13. Close the Mail Backup window.

*Export the Address Book to a File*

NOTE: This step is very important when multiple Identities are in use. A .WAB (Windows Address Book) file is used by Outlook Express 5.x and 6.0 versions, even if multiple Identities are used. The individual data for each Identity is stored in a folder, by user name, within the .WAB file in use.

Exporting this data, while logged in to a specific Identity, is the only means of segregating the Address Book data. If the .WAB file becomes dissociated from the user Identities, the data can only be exported in total - not folder by folder.

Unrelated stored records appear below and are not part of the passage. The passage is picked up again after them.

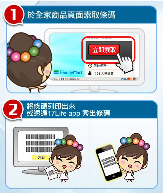 1.同樣商品一組帳號每天限索取一次,限時每組條碼限兌換一次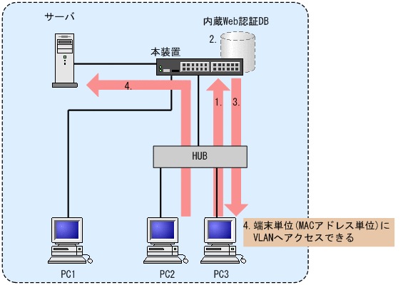 - 本装置の内蔵Web認証DBに登録されたユーザ情報と,PCから入力されたユーザIDおよびパスワードとの一致を確認する認証を行います。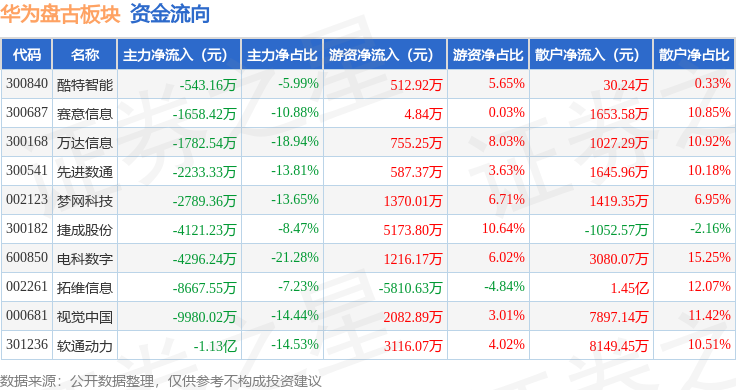 从资金流向上来看,当日华为盘古板块主力资金净流出4.73亿元,游资资金净流入9008.67万元,散户资金净流入3.83亿元。华为盘古板块个股资金流向见下表: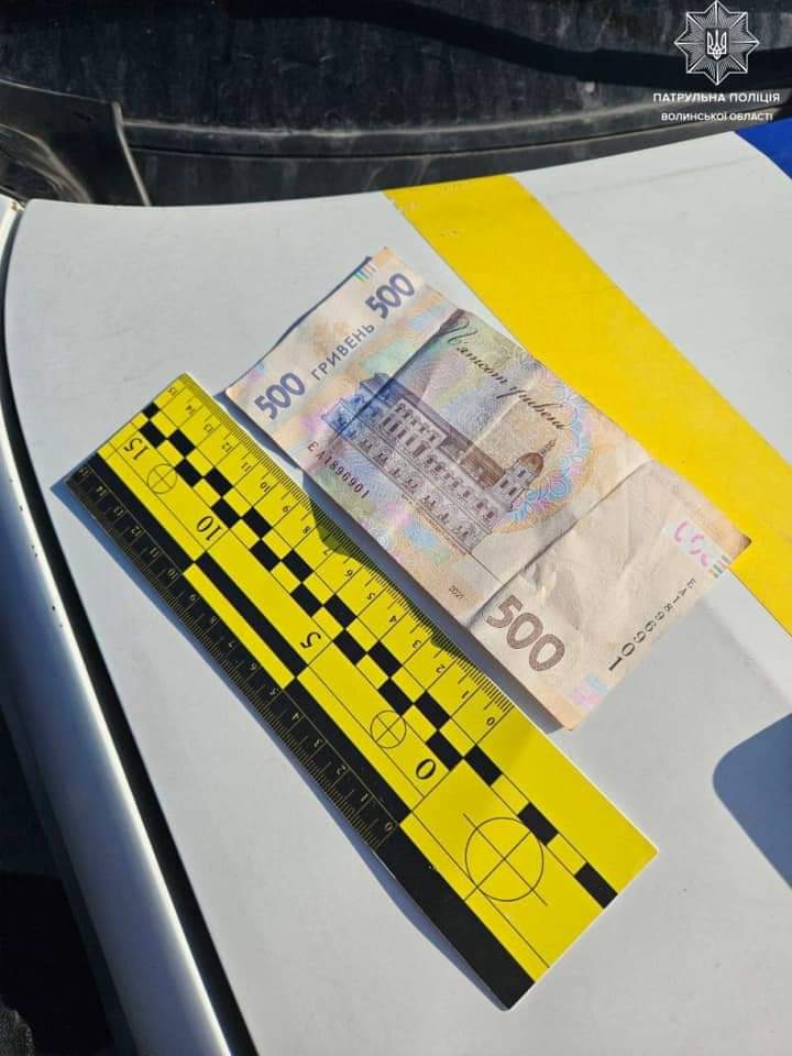 Коли ж патрульні повідомили порушнику, що за це є адміністративна відповідальність, чоловік почав пропонувати їм неправомірну вигоду, аби уникнути цього. Неодноразові попередження на нього не діяли. І він поклав в кишеню штанів поліцейському грошові кошти в сумі 500 гривень.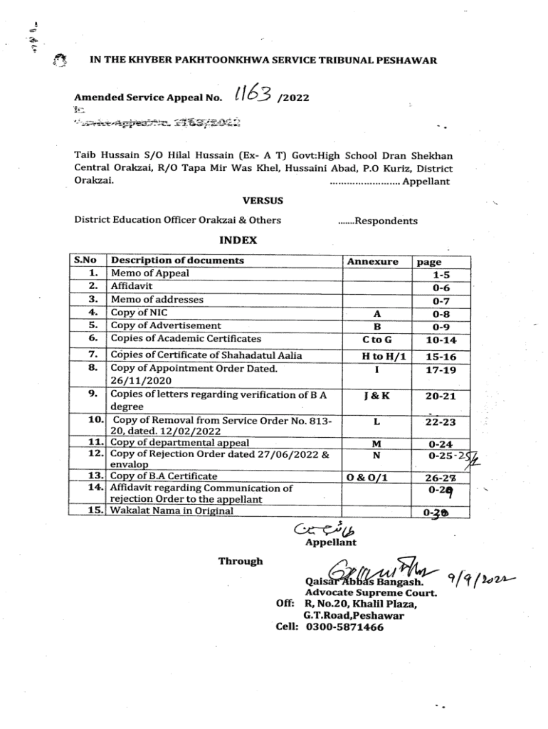 ITIN THE KHYBER PAKHTOONKHWA SERVICE TRIBUNAL PESHAWARAmended Service Appeal No. (1^3 /2022fc. Taib Hussain S/0 Hill Hussain (Ex A T) Govt:High School Ran She khan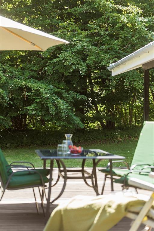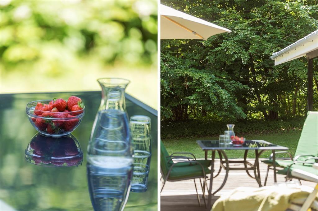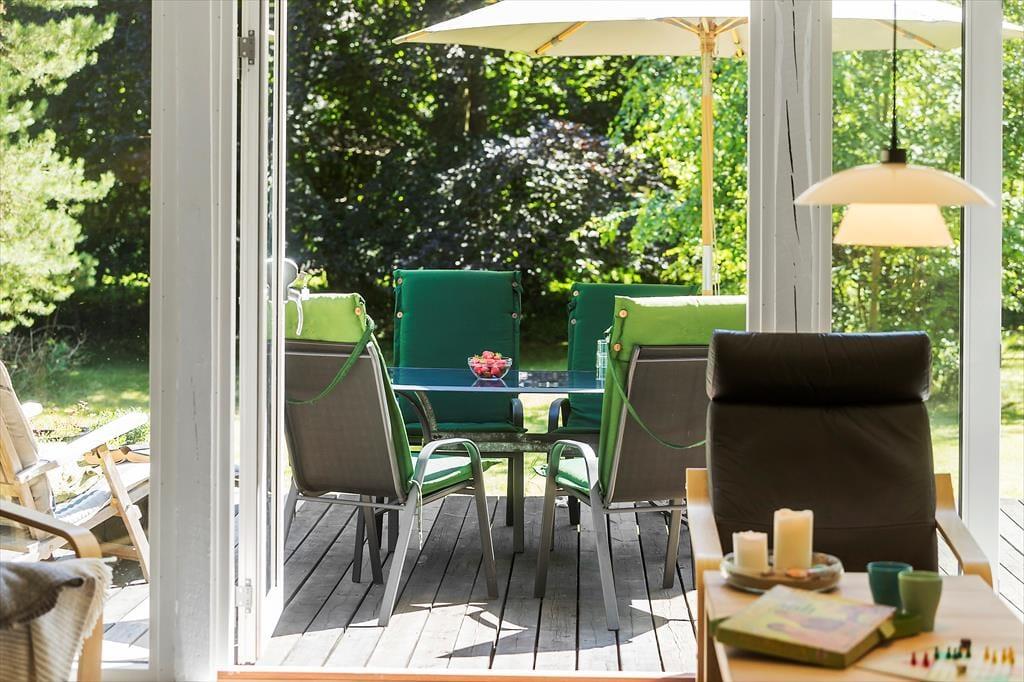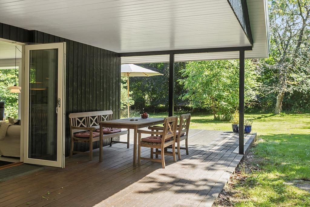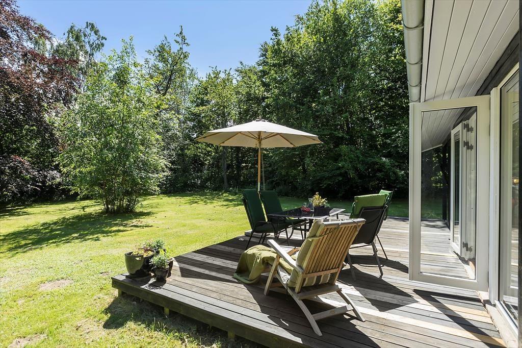 Udenfor strækker haven sig som et grønt paradis, hvor børnene kan lege frit og udforske. På terrassen kan du samles med familien, grille lækre måltider og nyde hinandens selskab under den beskyttende overdækning, eller du kan lade solens stråler kærtegne din hud fra en komfortabel liggestol.

Another reason to export the .WAB file to a .csv file is that if the .WAB file is shared with Microsoft Outlook, the addresses are stored in the *.pst file in Outlook. When you export the file from the Outlook Express File menu to a *.csv file it exports the correct contacts. If the Address Book is shared with Microsoft Outlook, you are not able to export from within the Address Book on the File menu. This option is dimmed or not available.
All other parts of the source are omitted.